Wednesday, April 4, 2012

Italian Victory at Castelorizzo

During a period in World War II when the British, despite the great power of the Royal Navy, were having a great deal of trouble disrupting Italian supply lines across the Mediterranean to North Africa which Admiral Luigi Biancheri had kept open, a potential 'easy target' was sought out. Deprived of success in the Central Mediterranean, the British naval commander, Admiral Andrew Cunningham, decided to focus on the eastern side of the sea and ordered an attack on the lightly defended Italian island of Castelorizzo. Located just off the Turkish coast, between Rhodes and Cyprus, the British planned to use Castelorizzo as a launching platform for a more significant attack on the Italian naval base at Leros, one of the most strategically vital bases in the Aegean Sea. Wishing to take no chances after previous disappointments, Admiral Cunningham dispatched an entire cruiser division to the island which put ashore 500 elite British commandos to seize the island, expecting no real trouble from the handful of sailors and policemen who constituted the only Italian resistance on Castelorizzo.

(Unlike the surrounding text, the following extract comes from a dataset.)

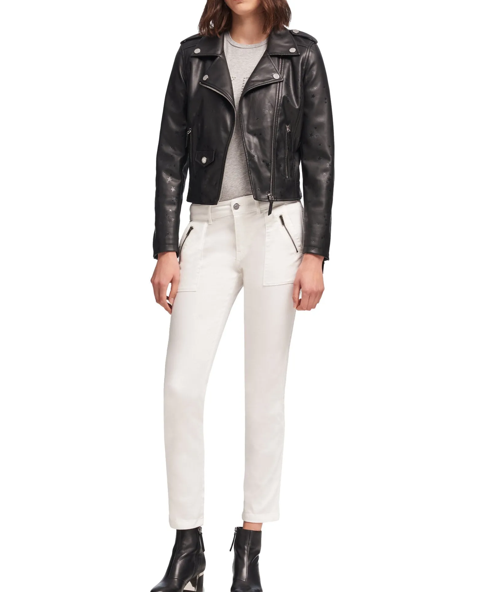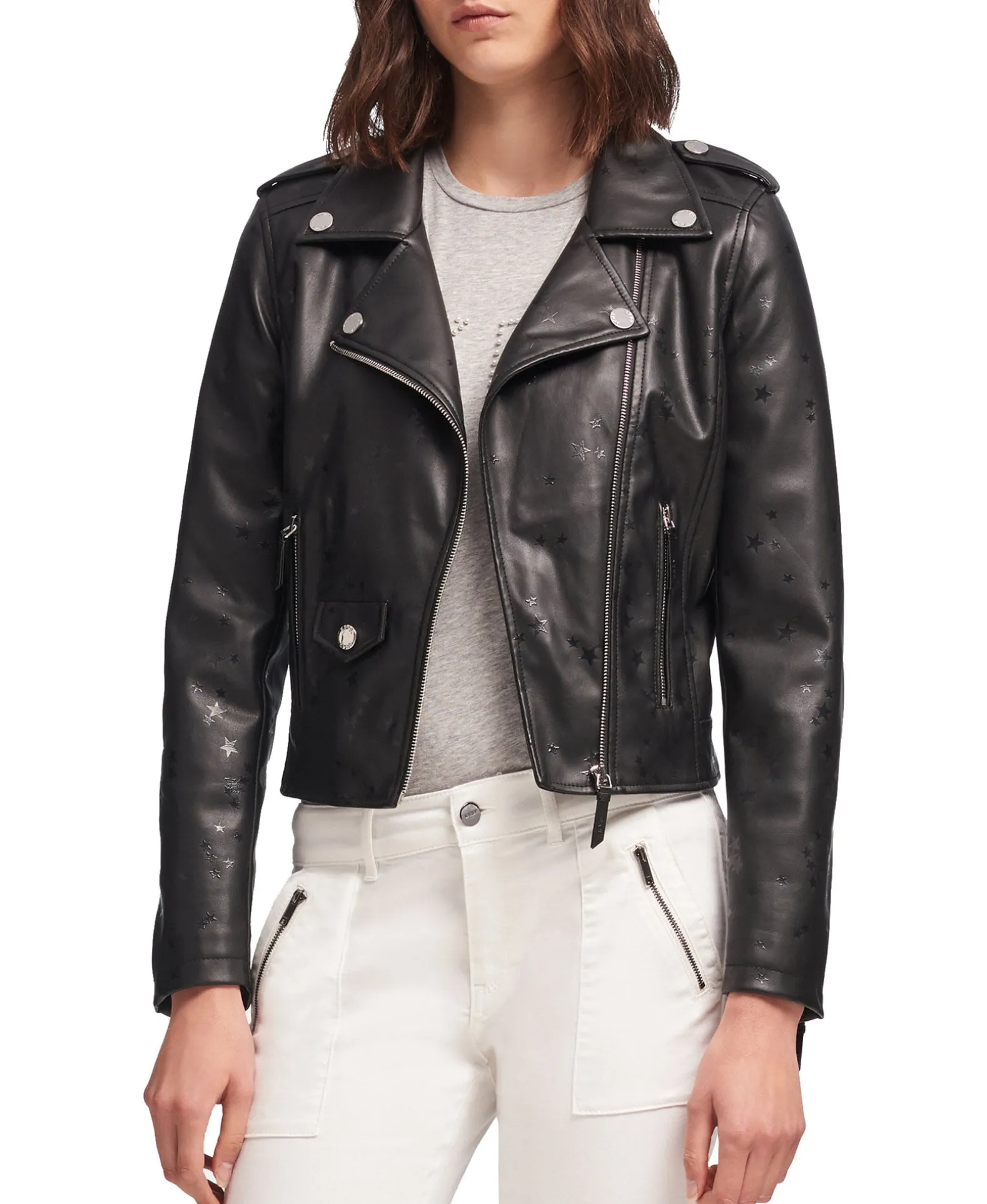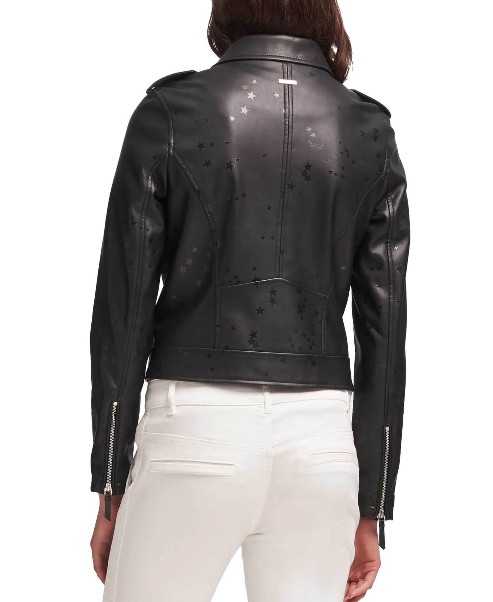 take layering to an edgier place with this moto jacket by dkny, finished with a subtle star print and zipper accents.

However, the Italian sailors resisted fiercely, immediately radioed for assistance and withdrew to the most easily defended areas of the island and kept up their resistance, continuing to hold out against the British commandos throughout the day of February 25, 1941. They had to hold out alone all day before help arrived after nightfall in the form of a few Italian destroyers and torpedo boats carrying 240 infantry from the Italian garrison at Rhodes. The torpedo boats were under the command of Captain Francesco Mimbelli (who would go on to more fame in action in the Black Sea against the Russians). The Regia Aeronautica preceded the landing, bombing the harbor and British positions, inflicting enough damage that one warship was forced to recall her marines and retreat. This deprived the commandos of their radio link with Alexandria, Egypt. It also prevented additional British troops from landing as the air attacks threw the Royal Navy into a panic, being under attack from the air and unable to locate the small flotilla of Italian warships they knew were closing in on them.

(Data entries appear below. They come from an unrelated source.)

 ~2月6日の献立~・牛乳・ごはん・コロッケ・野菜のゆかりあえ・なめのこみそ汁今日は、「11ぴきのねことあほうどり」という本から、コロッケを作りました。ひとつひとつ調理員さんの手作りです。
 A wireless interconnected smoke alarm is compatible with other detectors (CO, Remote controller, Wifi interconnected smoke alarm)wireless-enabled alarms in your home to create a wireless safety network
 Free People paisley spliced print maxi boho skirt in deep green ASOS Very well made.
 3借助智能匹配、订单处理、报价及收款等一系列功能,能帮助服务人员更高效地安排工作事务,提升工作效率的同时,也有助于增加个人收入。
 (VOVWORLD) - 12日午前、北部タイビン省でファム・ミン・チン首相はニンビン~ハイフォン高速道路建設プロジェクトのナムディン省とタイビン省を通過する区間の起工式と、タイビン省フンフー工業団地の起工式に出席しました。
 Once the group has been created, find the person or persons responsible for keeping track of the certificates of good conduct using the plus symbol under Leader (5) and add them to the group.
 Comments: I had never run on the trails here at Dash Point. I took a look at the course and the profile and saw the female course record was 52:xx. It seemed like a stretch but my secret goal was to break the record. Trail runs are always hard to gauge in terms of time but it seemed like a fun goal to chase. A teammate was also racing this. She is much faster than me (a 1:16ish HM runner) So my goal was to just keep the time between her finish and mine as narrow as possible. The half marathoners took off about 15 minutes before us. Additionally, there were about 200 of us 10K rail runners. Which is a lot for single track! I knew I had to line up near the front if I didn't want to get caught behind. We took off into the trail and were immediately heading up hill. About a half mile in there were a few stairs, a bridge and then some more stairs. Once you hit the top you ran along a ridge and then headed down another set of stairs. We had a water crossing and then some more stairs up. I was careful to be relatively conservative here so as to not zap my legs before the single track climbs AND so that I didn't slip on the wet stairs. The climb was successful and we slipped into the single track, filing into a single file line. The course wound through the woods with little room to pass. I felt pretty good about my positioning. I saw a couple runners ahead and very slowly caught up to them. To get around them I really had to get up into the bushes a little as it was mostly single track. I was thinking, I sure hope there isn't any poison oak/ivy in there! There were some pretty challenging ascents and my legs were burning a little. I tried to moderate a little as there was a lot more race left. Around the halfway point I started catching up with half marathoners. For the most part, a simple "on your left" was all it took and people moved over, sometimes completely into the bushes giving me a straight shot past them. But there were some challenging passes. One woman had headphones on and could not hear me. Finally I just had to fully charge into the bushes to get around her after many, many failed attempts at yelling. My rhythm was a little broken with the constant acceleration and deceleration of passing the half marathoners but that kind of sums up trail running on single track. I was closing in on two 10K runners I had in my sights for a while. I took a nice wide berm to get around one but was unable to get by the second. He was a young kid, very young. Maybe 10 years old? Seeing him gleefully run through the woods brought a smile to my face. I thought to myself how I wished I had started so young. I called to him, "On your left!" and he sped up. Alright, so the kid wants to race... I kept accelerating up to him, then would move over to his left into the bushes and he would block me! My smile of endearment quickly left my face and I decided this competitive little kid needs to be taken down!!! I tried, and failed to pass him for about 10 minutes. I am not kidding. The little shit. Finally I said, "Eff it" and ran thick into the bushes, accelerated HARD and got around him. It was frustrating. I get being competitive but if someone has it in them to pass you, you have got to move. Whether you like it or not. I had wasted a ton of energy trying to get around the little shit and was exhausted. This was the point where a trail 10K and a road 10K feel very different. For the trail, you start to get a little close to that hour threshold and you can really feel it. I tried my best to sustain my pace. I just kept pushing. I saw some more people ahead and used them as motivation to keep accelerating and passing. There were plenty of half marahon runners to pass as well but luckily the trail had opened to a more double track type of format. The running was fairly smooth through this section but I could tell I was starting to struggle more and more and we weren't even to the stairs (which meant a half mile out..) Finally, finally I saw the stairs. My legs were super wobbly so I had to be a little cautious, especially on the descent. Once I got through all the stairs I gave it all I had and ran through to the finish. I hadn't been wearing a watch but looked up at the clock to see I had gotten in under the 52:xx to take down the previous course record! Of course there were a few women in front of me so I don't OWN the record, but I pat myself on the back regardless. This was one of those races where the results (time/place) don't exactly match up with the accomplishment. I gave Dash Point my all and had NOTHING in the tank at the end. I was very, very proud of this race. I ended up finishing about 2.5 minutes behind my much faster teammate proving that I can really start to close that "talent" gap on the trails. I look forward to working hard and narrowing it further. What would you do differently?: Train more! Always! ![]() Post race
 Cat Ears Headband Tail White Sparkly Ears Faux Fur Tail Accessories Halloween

The Italian ships landed their troops and began covering the infantry by shelling British positions ashore. Although they were outnumbered by more than two-to-one the Italian troops fought their way forward against the British commandos, seizing key positions and finally surrounding the British force. Without air or naval support the British knew their operation was doomed and those forces still able to reach their ships retreated. The Italians continued to close in and the fighting raged on for two days before the British accepted defeat and surrendered. The British fleet sailed back to Egypt after making one last, fruitless sweep in which they failed to locate or destroy a single Italian vessel.

Admiral Cunningham was amazed at how the Italians, whom British propaganda always derided, had, “reacted with utmost vigor and enterprise” and had made a “rotten business” of his attempt to takeover the island. Many of the British commanders had foolishly believed their own propaganda, that the Italians were sub-standard fighters and the action at Castelorizzo shocked them to their senses as they witnessed first-hand the skill and tenacity of Italian troops and the Regia Marina. This sharp battle put a permanent end to any hope of the British to seize control of the Dodecanese Islands from Italy and the islands remained in Italian hands until the 1943 armistice after which the Kingdom of Italy joined the Allies in declaring war on Nazi Germany.